ScenarioProblem simulates in a staged fashion, first initializing the base_sim (usually, the nominal scenario) which it copies models from
- add_sim(mdl, **kwargs)
Add a simulation - always use Simulation.
- prep_sim()
Prepare simulation by simulating it until the start of the scenario.
- sim_mdl(*x)
Simulate the model at the given variable value.
- Parameters:
*x (args) – Variable inputs for parameterdomain.
- Returns:
res (Result) – result for the sim.
hist (History) – history for the sim.
- class fmdtools.sim.search.SimpleProblem(**kwargs)
Bases:
BaseProblem
Simple optimization problem (without any given model constructs).
- callables
dict of callables for objectives/constraints
- Type:
dict
Examples
>>> class ExampleSimpleProblem(SimpleProblem): ... def init_problem(self, **kwargs): ... self.add_variables("x0", "x1") ... f1 = lambda x0, x1: x0 + x1 ... self.add_objective("f1", f1) ... g1 = lambda x0, x1: x0 - x1 ... self.add_constraint("g1", g1, threshold=3.0, comparator="less") >>> ex_sp = ExampleSimpleProblem() >>> ex_sp.f1(1, 1) np.float64(2.0) >>> ex_sp.g1(1, 1) np.float64(-3.0)

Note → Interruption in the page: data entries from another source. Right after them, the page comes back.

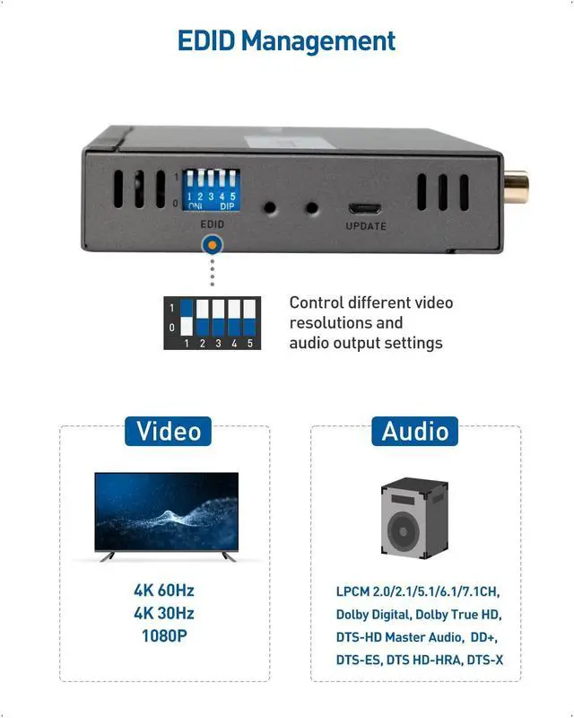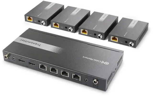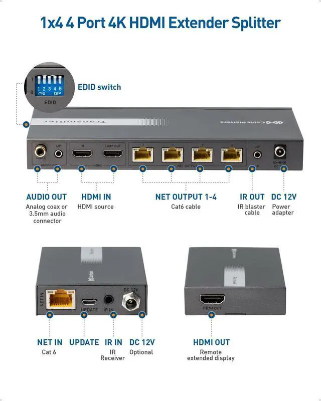 4 Way HDMI splitter extender distributes and extends identical 4K HDMI video and audio signals from a single HDMI source such as a computer, Blu-ray player, media streamer, cable box, or game console to 4 remote displays over Cat5/Cat 6 cable up to 164 ft at 4K 60Hz, 196 feet at 4K 30Hz, or 229 feet at 1080p ^^ Control the HDMI video source from a remote location with the included IR cables that forward commands over a dedicated DDC channel for convenience and security; The powered HDMI splitter 1 in 4 out converter is compatible with HDCP compliant equipment for viewing copy protected content and integrating with HDMI switch, splitter, or matrix equipment ^^ The 4 port HDMI Extender Splitter 4K supports up to 4K 60Hz and the full range of audio formats including Dolby True HD and DTS-HD Master lossless audio.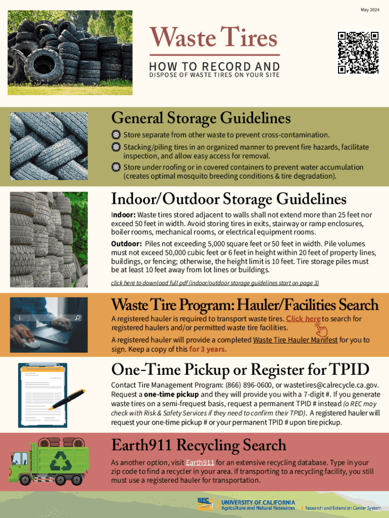 May 2024Waste TiresHOW TO RECORD AND DISPOSE OF WASTE TIRES ON YOUR SITEGeneral Storage GuidelinesStore separate from other waste to prevent crosscontamination. Stacking/piling tires in an organized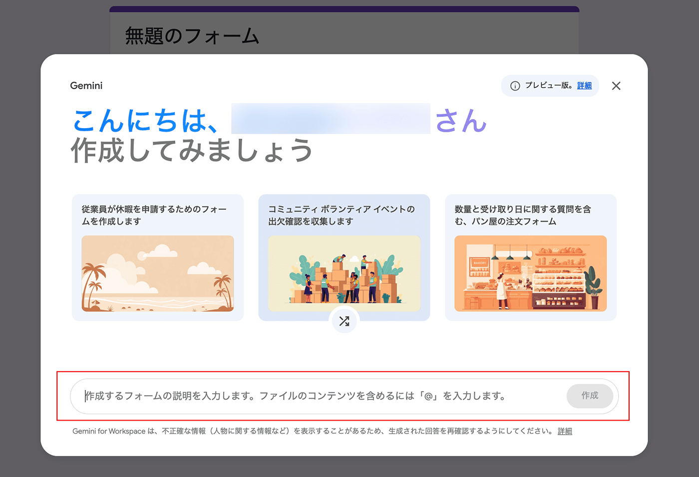 なお、フォーム作成サポート機能は、 Google Workspace Business Standard 以上のユーザーまたは Gemini アドオンライセンス(Gemini Business / Enterprise / Education)を保有しているユーザーが利用可能です。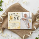 Make your little one’s milestone even sweeter with this “It’s So Sweet to Bee One” photo invitation. This charming first birthday design features soft buttercream yellow tones with hand-painted watercolor bees, honeycomb accents, and a sweet beehive illustration, all framed in a crisp white border for a modern, polished look. The cheerful yellow and black lettering gives it a playful, gender neutral style perfect for baby girls or boys.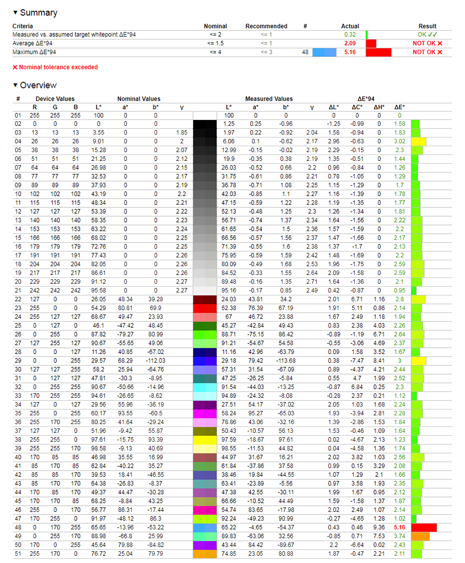 Экран показывает высокую точность цветопередачи с низким отклонением. Средний коэффициент отклонения DeltaE на уровне 2 единиц, максимальное отклонение 5 единиц.

- add_constraint(name, call, **kwargs)
Add an constraint to the problem.
- Parameters:
name (str) – Name for the objective.
call (callable) – Function to call for the objective in terms of the variables.

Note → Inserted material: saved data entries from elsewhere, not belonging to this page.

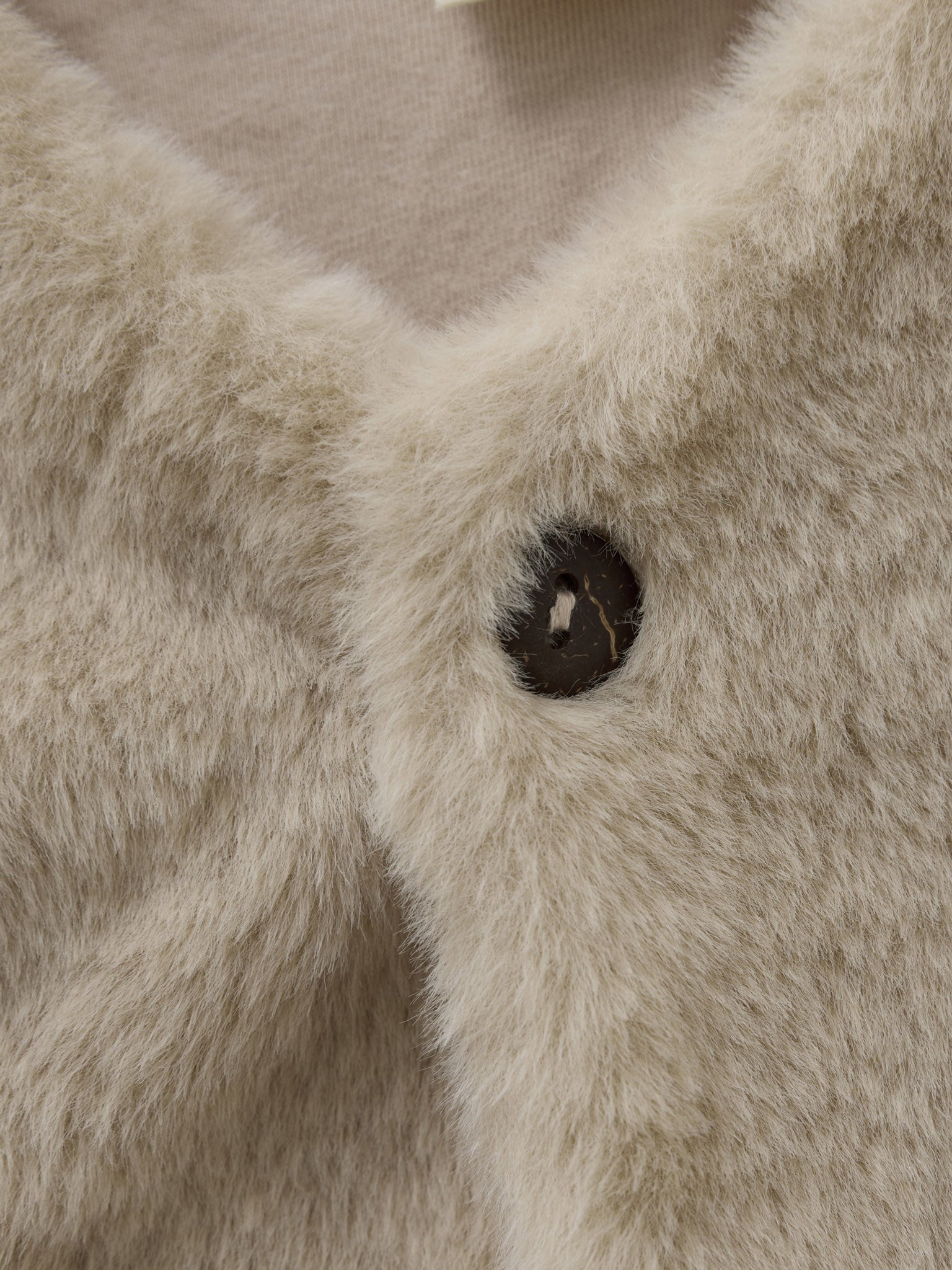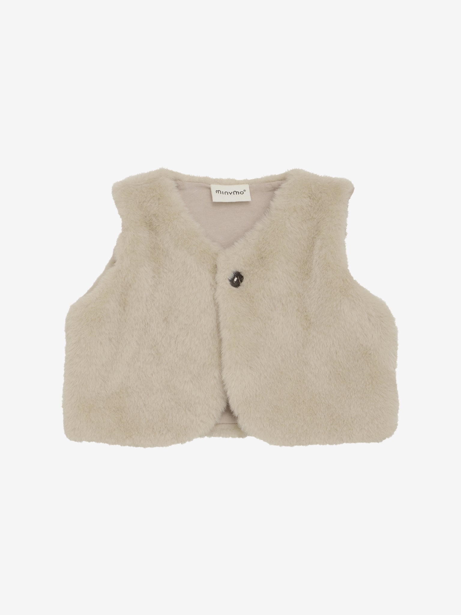 Stylish vest from Minymo. The vest has a cool faux fur look and is ideal for both dressy and casual occasions. It is made from 100% polyester, which makes it comfortable to wear. The vest features a decorative button, making it easy to put on and take off.
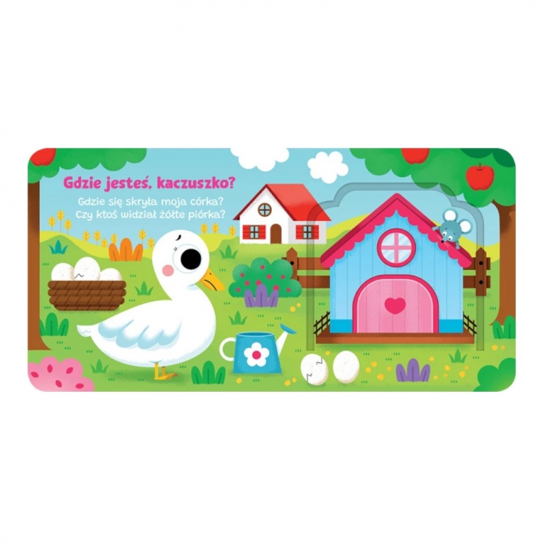 Aktywizująca książeczka dla najmłodszych. Zabawa tą książką polega na otwieraniu okienek, w których kryją się zwierzęta z wiejskiej zagrody: kury, świnka, krowa, kotek i mała kaczuszka, której na wsi szuka mama kaczka. Na każdej rozkładówce znajduje się wierszyk o szukaniu kaczuszki przez zmartwioną mamę – wierszowany tekst łatwo zapada w pamięć i po kilku godzinach zabawy dziecko będzie znało wierszyki, dzięki czemu ćwiczy pamięć i wzbogaca swoje słownictwo. Książeczka z okienkami to doskonała zabawa dla każdego dziecka.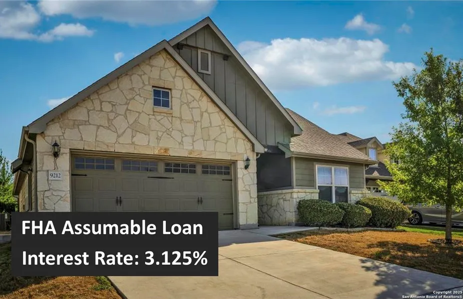Assumable 3.125% FHA Loan, 45 day closing available. Spectacular one-story in The Crossvine, priced right and move-in ready! The inviting rock exterior and covered front porch lead to a spacious tiled entry with recessed lighting. The large family room flows into an island kitchen with double ovens, gas cooktop, and custom cabinetry. A built-in study nook near the primary suite provides the perfect workspace. The primary retreat offers an oversized walk-in shower, dual vanities, and a huge closet. Enjoy a private backyard with a covered patio. Ceiling fans throughout, plus a water softener, gutters, and full irrigation system. Exceptional community amenities and Schertz ISD!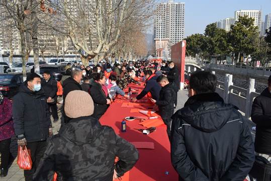 新春佳节将至,进一步弘扬中华传统文化,营造祥和、喜庆的新春氛围,2023年1月18日,由beat365官方网站正规_365bet注册送奖金_bt365开户文化和旅游局主办的“我们的节日·春节——文化进万家”义务送春联活动在龙湖公园举行。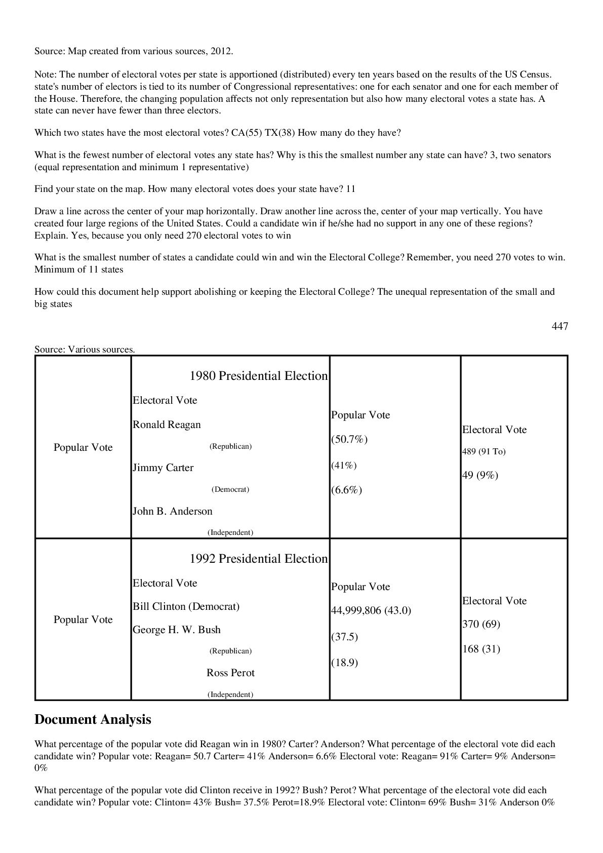 Government > EXAM > Skyline High School - GOVERNMENT 2307 Electoral College DBQ Documents (All)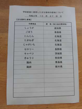 主な食材の産地は、2枚目の写真を御覧ください。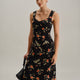 Zwart bloemenjurk met ruches en spaghetti bandjes in maxi-lengte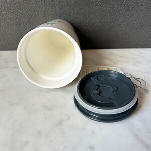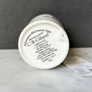 Let It Snow! travel mug by CR Gibson. Ceramic mug is double-walled with plastic lid. Holds 12 oz. Measures 3-1/2" across the top, 2-5/8" across the bottom and is 5-1/4" high. Microwave and dishwasher safe.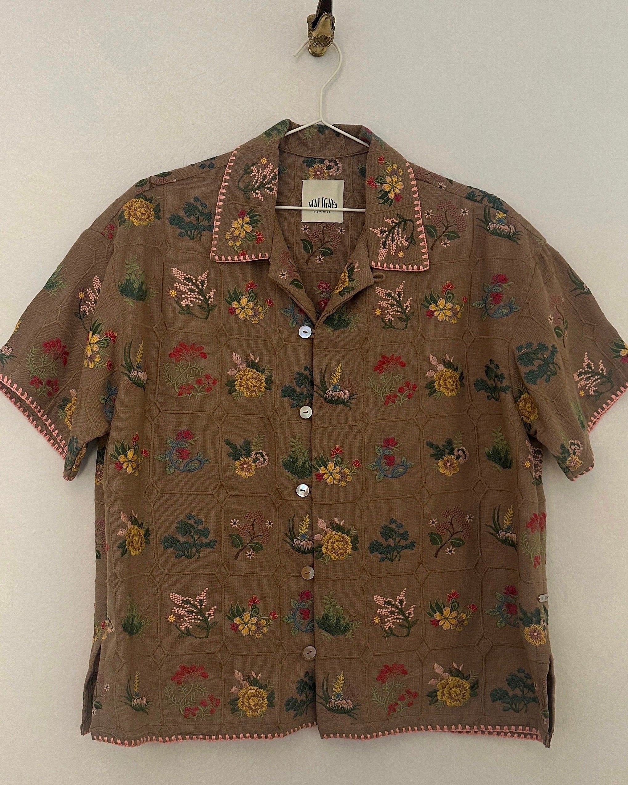 DESCRIPTION:•Cuban collar short sleeve •Handmade from botanical embroidered fabric•Detailed floral embroidery •Hand sewn...

**kwargs (kwargs) – kwargs to Constraint
- add_objective(name, call, **kwargs)
Add an objective to the problem.
- Parameters:
name (str) – Name for the objective.
call (callable) – Function to call for the objective in terms of the variables.
**kwargs (kwargs) – kwargs to Objective.
- update_objectives(*x)
Update objectives/constraints by calling callables.
- class fmdtools.sim.search.SingleFaultScenarioProblem(**kwargs)
Bases:
ScenarioProblem
Class for optimizing the time of a given fault scenario.
- faultdomain
FaultDomain containing the fault
- Type:
- t_start
Minimum start time for the simulation and lower bound on scenario time. Default is 0.0.
- Type:
float
Examples
>>> from fmdtools.define.block.function import ExampleFunction >>> class ExScenProb(SingleFaultScenarioProblem): ... def init_problem(self, **kwargs): ... self.add_sim(ExampleFunction(), ("examplefunction", "short")) ... self.add_result_objective("f1", "s.y", time=5)
objective value should be 1.0 (init value) + 3 * time_with_fault >>> ex_scenprob = ExScenProb() >>> ex_scenprob.f1(5.0) np.float64(3.0) >>> ex_scenprob.f1(4.0) np.float64(6.0)
- add_sim(mdl, faulttup, phasemap=None, sim_start=0.0, **kwargs)
Initialize the SingleFaultScenarioProblem with a given fault to optimize.
- Parameters:
mdl (Model) – Model to simulate/optimize.
faulttup (tuple) – (fxn, fault) defining the fault.
phasemap (PhaseMap, optional) – PhaseMap for fault sampling. The default is None.
sim_start (float, optional) – Minimum start time for the simulation and lower bound on scenario time.. Default is 0.0.
**kwargs (kwargs) – Keyword arguments to prop_one_scen (e.g., track, etc.).
- gen_scenario(x)
Generate the scenario to simulate in the model.
- Parameters:
x (float) – Fault scenario time.
- Returns:
scen – SingleFaultScenario to simulate.
- Return type:
- get_start_time()
Get the scenario start time to copy the model at.
- name_repr()
Get name of the class and faults.
- class fmdtools.sim.search.VariableConnector(*args, **kwargs)
Bases:
BaseConnector
Class connecting variables in one problem to use as variables in another problem.
Fields
- keystuple
Names of the variables.
- valuesnp.array
Array of values for the variables.
- get(key, defaultval=None)
Get a value for a particular key.
- in_(k)
- items()
- keys: tuple
- name: str
- update(valuedict)
Update the value of the connector given a dict of values.
- Parameters:
valuedict (dict) – dict with structure {k: value}, where k corresponds to a key in self.keys.
- update_values(*x)
Update values of the connector given input variable x.
- Parameters:
*x (iterable) – Variable values to update (must be in order of self.keys).
- values: array
- fmdtools.sim.search.obj_name(probname, objname)
Create architecture-level objective name for problem.